Seven hundred fifty participants completed the online questionnaire. Of these, 44 were excluded from this initial analysis because they reported either not having a molecular diagnosis or did not upload the test to the system. Thus, we included 706 patients in this initial analysis.
Demographic data
Most of the 706 patients had type 1 SMA (42%). Among the others, 33% had type 2 SMA, and 23% had type 3 SMA. Seven patients had type 0 SMA, and eight had type 4 SMA (Fig. 1A). Distribution according to sex was similar in the total study population and in those with types 1 and 2 SMA. Among patients with the milder form, there was a slight predominance of females (61.2%, Fig. 1B).
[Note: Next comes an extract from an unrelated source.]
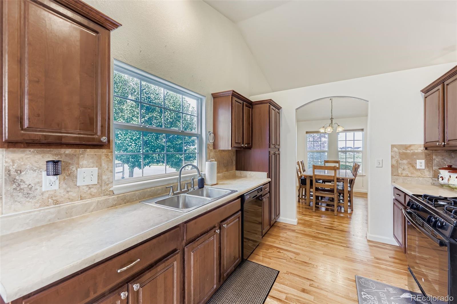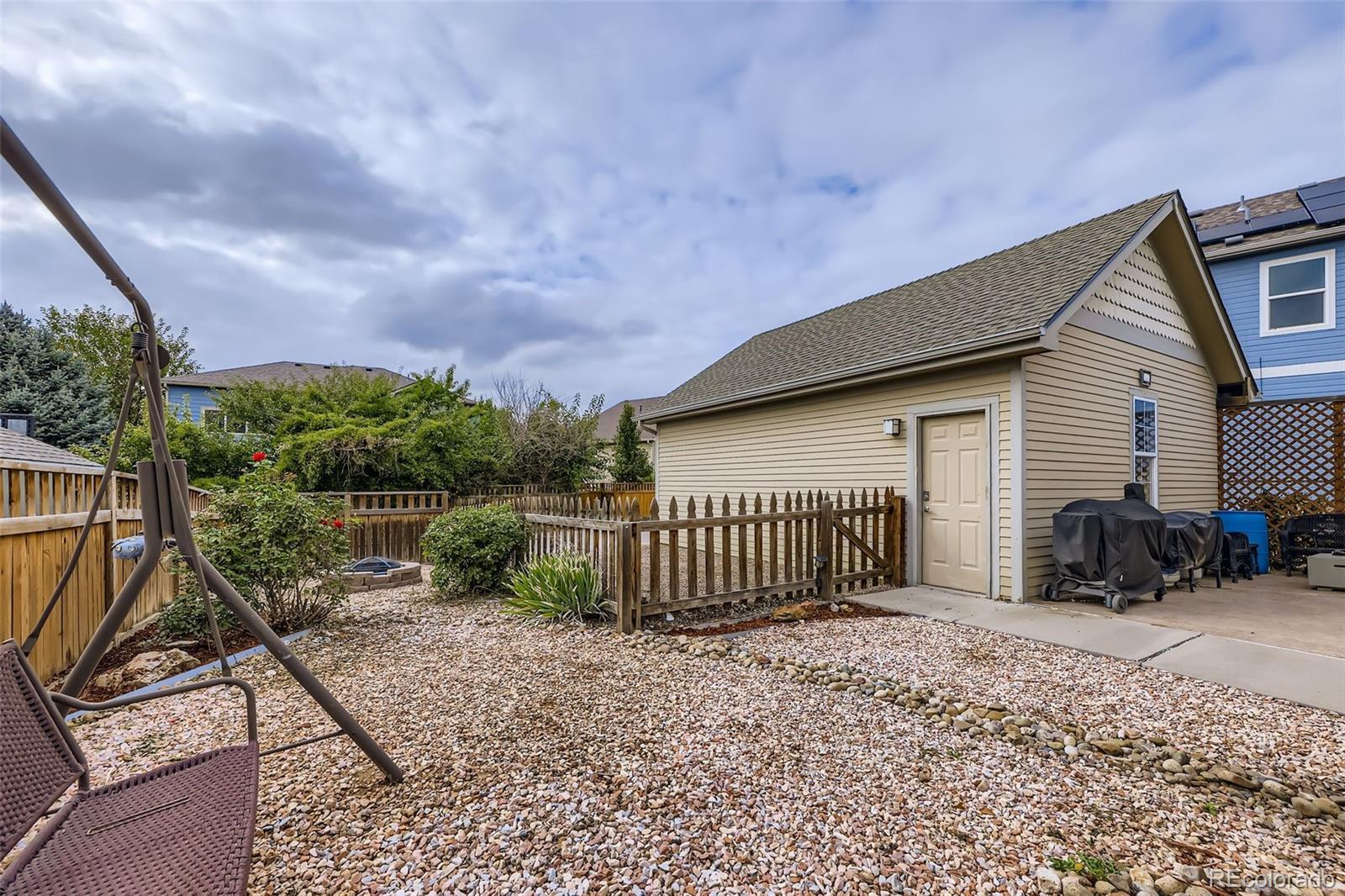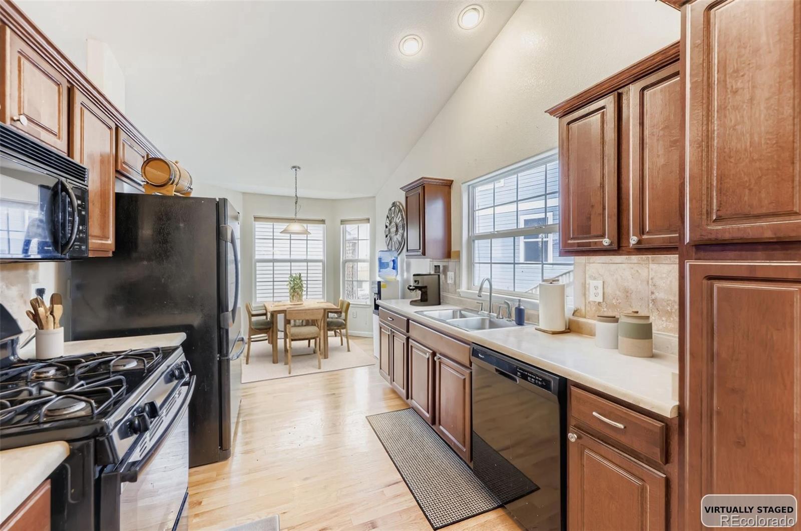 A BRAND-NEW HVAC system—Furnace and AC unit—was just installed 3/1/2026 and includes a 10 YEAR TRANSFERABLE WARRANTY! Nestled in the desirable Silver Peaks neighborhood, this home sits directly across from protected open space that will remain untouched—your own forever view of nature waking up each morning. Ramada Park and its playground are just steps away, and Meadow Ridge Elementary is an easy five-minute stroll. The main level welcomes you with sunshine and charm. You’ll find three bedrooms, two full bathrooms, and a bright layout that feels instantly inviting. The primary bedroom features a beautiful bay window overlooking your private backyard, a walk-in closet, and brand-new ceiling fan. Enjoy breakfast in the cozy nook framed by a bay window and dinners in the formal dining room with its soaring vaulted ceilings. The kitchen features rich maple cabinetry and gleaming hardwood floors that add warmth and character. Downstairs you will enjoy a true Home Theater, fully furnished, featuring six stadium-style reclining leather chairs, a high-definition projector, immersive surround sound with premium audio and subwoofer, and a wall-mounted projection screen. A sleek bar and snack station sits just behind the seating—perfect for movie marathons, game nights, or cheering on your favorite team. The basement also offers a dedicated storage room, a separate utility room with washer and dryer (plus potential for a future third bathroom), and a spacious multipurpose room ready to bloom into whatever you need: a fourth bedroom, office, gym, playroom, or guest suite. Step outside to your own backyard retreat, where a stamped and stained concrete patio sets the stage for outdoor dining, gardening, or simply unwinding by the fire pit as the evenings grow mild. An oversized detached two-car garage offers abundant storage, plus a bonus third parking space for extra vehicles, a trailer, or future expansion. Come see the perfect place to let your next chapter blossom!

The median age of patients with type 1 SMA was 3.0 (1.0, 6.0) years (Fig. 1C shows the distribution of patients with type 1 SMA according to age). At the time of data cut-off, 37.5% of patients with type 1 SMA were older than 4. The median age of patients with type 2 SMA was 11.0 (6.0, 21.5) years, and 45% were adolescents or adults (Fig. 1D).
Diagnosis and genetic data
Regarding mutations in the SMN1 gene, 667 patients (94.4%) had a homozygous SMN1-exon 7 deletion. Thirty-eight patients (5.5%) had a heterozygous deletion in SMN1 and a point mutation in the other allele. Only one patient had a point mutation in both SMN1 alleles (p.Gly261.Leufs*8); in this situation, the parents were consanguineous. The molecular test used for diagnosis in 515 (73%) patients was MLPA (Multiplex Ligantion-dependent Probe Amplification). PCR reaction for detecting homozygous SMN1-exon 7 deletion was used in another 191 (27%).
Regarding the SMN2 copy number, two copies of SMN2 correlated with a more severe condition (type 1 SMA) and occurred in 78.1% of these patients. A higher number of SMN2 copies correlated with milder phenotypes (Fig. 2A), with most patients with type 2 SMA (72.4%) presenting three copies of SMN2 and 31.4% of type 3 SMA patients presenting four or more copies. One hundred thirty-one (18.6%) patients in the entire group had a family history of the disease, and the familial recurrence rate was higher in those patients with type 3 SMA, at 25.6% (Fig. 2B). The consanguinity rate was low in the studied population, and only 37 (5.2%) patients answered that there was some degree of relation between the parents.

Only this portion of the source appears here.